Investigating muscle types

Muscle types

There are three general categories of muscle within the body:

  • Cardiac – (involuntary) forms the walls of the heart and pumps blood around the circulatory system
  • Smooth (involuntary) – found in the walls of hollow structures e.g. blood vessels
  • Skeletal (voluntary) – attached to bone

This article is concerned with muscle that we have conscious control over (voluntary) known as skeletal muscle. Skeletal muscle helps us create movement and support our skeletal structure. Having finite control over skeletal muscle will greatly enhance many aspects of our Wing Chun and our life.

Human skeletal muscles are made up of many bundles of muscle fibres separated by Myofascia, encapsulated by an outer fascia called the Epimyseum. Skeletal muscle is connected to bone by tendons and the beginning is at the Origin and the end is the Insertion. Through contraction (shortening) they create movement around joints. Muscles can only pull and as a result to have two opposing movements i.e. to flex or extend, there must be a muscle on each side of a joint, one to flex and one to extend. An example of this is the Biceps and Triceps in the upper arm, the Biceps flex and the Triceps extend the arm at the elbow joint.

Muscle Types

Muscle fibre can be categorised into two main types:

  1. Slow twitch (Type I) muscle fibres
  2. Fast twitch (Type II) muscle fibres. Fast twitch fibres can be further categorised into:
    • Type IIa fibres
    • Type IIb fibres

The above distinctions influence how muscles respond to training and physical activity, and each fibre type is unique in its ability to contract in a certain way. Each person has a predetermined mixture of both slow and fast twitch muscle fibres which is determined by genetics and, on average, we have about 50 percent slow twitch and 50 percent fast twitch fibres within the majority of skeletal muscle.

Slow Twitch (Type I / Slow Oxidative)

Slow twitch muscle fibres fire more slowly than fast twitch and are able to work longer before fatigue sets in.
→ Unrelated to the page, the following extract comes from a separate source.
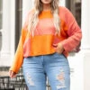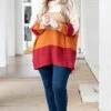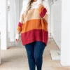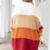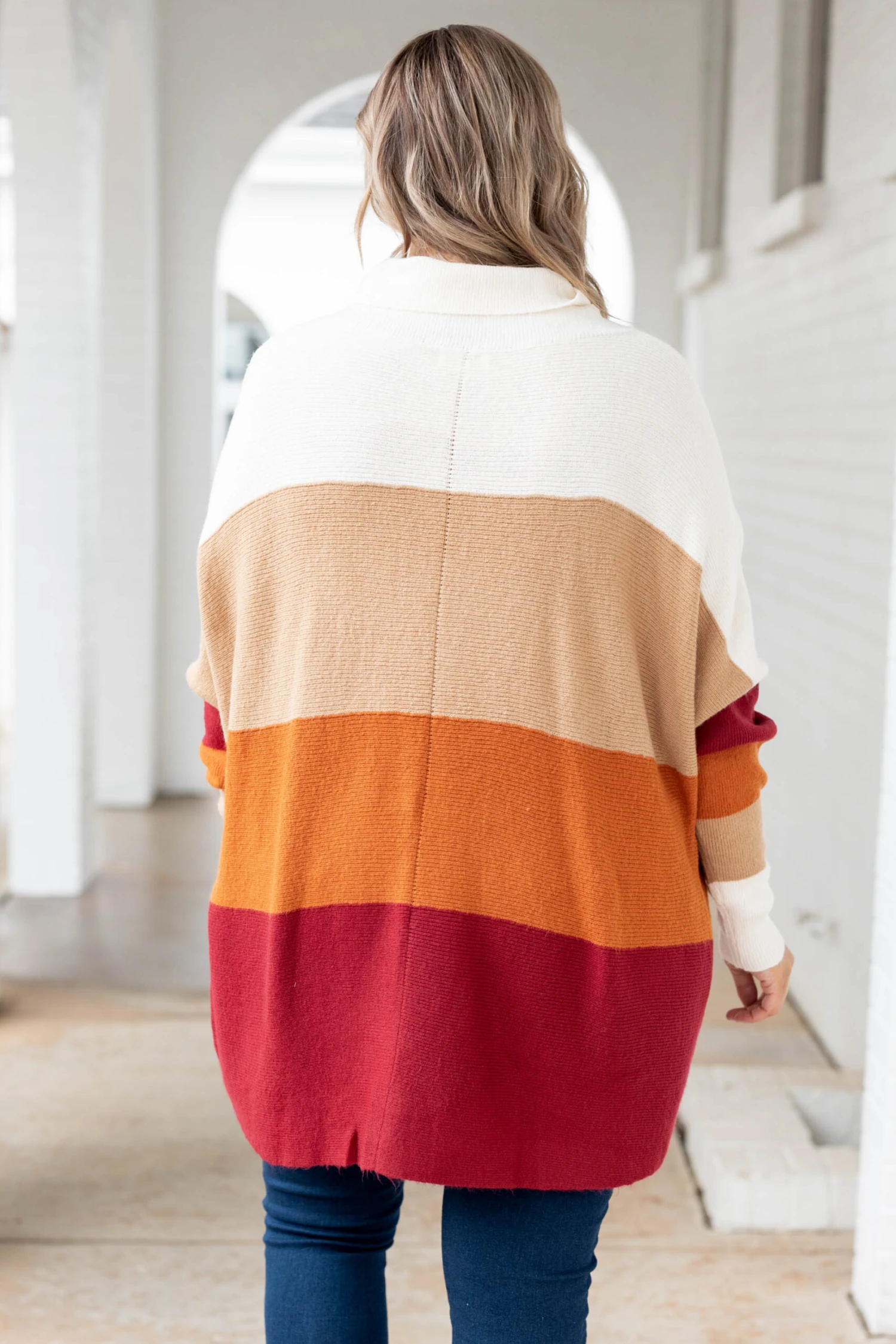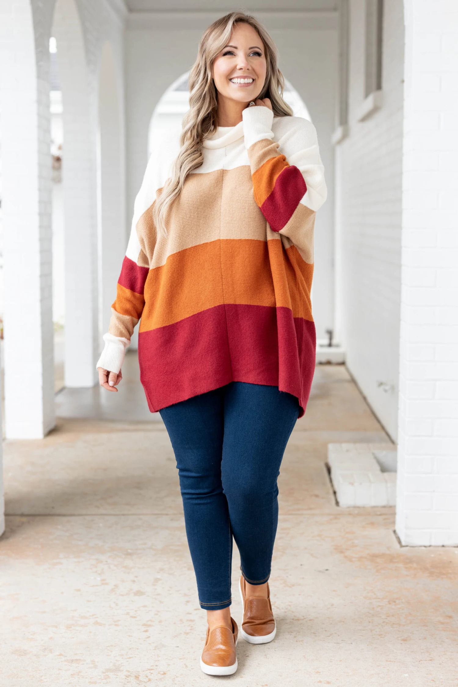 Fly above the rest with this showstopper! This sweater has a lovely crimson color with a sweet colorblock design that is just in time for the season! The high neckline and cozy fit is perfect for keeping you warm throughout the season! Style this sweater with jeggings and sneakers for a comfy, casual look!

This is down the their ability to more effectively use oxygen from the blood to generate Adenosine Tri-Phosphate (ATP), the bodies fuel, enabling muscle contractions to continue over a long period of time.

An example of this is the way that you would use the muscles of the legs and postural muscles in the back to support your Yee Gee Kim Yueng Ma (basic stance) while completing Siu Nim Tao, the first form of Wing Chun.

Fast Twitch (Type II / Fast Glycolytic)

Fast twitch fibres are much better at generating short bursts of strength or speed and contract about twice as fast as slow muscles. They use anaerobic metabolism to create fuel and tire more quickly than their slower counterpart.

Fast twitch fibres in the Triceps and Biceps are essential for a Wing Chun practitioner in order to be able to quickly protract and retract the punch thus allowing the generation of great force using kinetic energy and the principles of energy production. The quick retraction, executed by the biceps, ensures that the spent punch is quickly returned to its ready position in preparation for its next movement.

Type IIa Fibres

Type IIa muscle fibres are also known as intermediate fast-twitch fibres and are able to use both aerobic (with oxygen) and anaerobic (without oxygen) metabolism almost equally to create energy. Also know as Fast Oxidative Glycolytic (FOG) fibres they are a combination of Type I and Type II muscle fibres.

Type IIb Fibres

Type IIb fibres generate ATP using anaerobic metabolism to create energy and has the highest rate of contraction of the muscle fibre types. This however comes at a cost and the result is that they have a much faster rate of fatigue and cannot operate for too long before needing rest.

What type do you have?

As noted the amount of each muscle type that an individual has is determined by genetics. This explains why some people excel in some activities and not in others.

It is not possible to change one type of muscle into another however it is possible to improve the abilities of each fibre with the use of specific training. In this way Type IIa muscles can be trained and adapted to get close to the ability of Type I or Type IIb fibres.

Aerobic activity for example will increase the number of mitochondria within a muscle cell resulting in a better ability to meet the demands for energy supply through the aerobic system.

Research is still looking at an ability of one type of fibre to switch to another type as some evidence exists to support this but to date the study is inconclusive.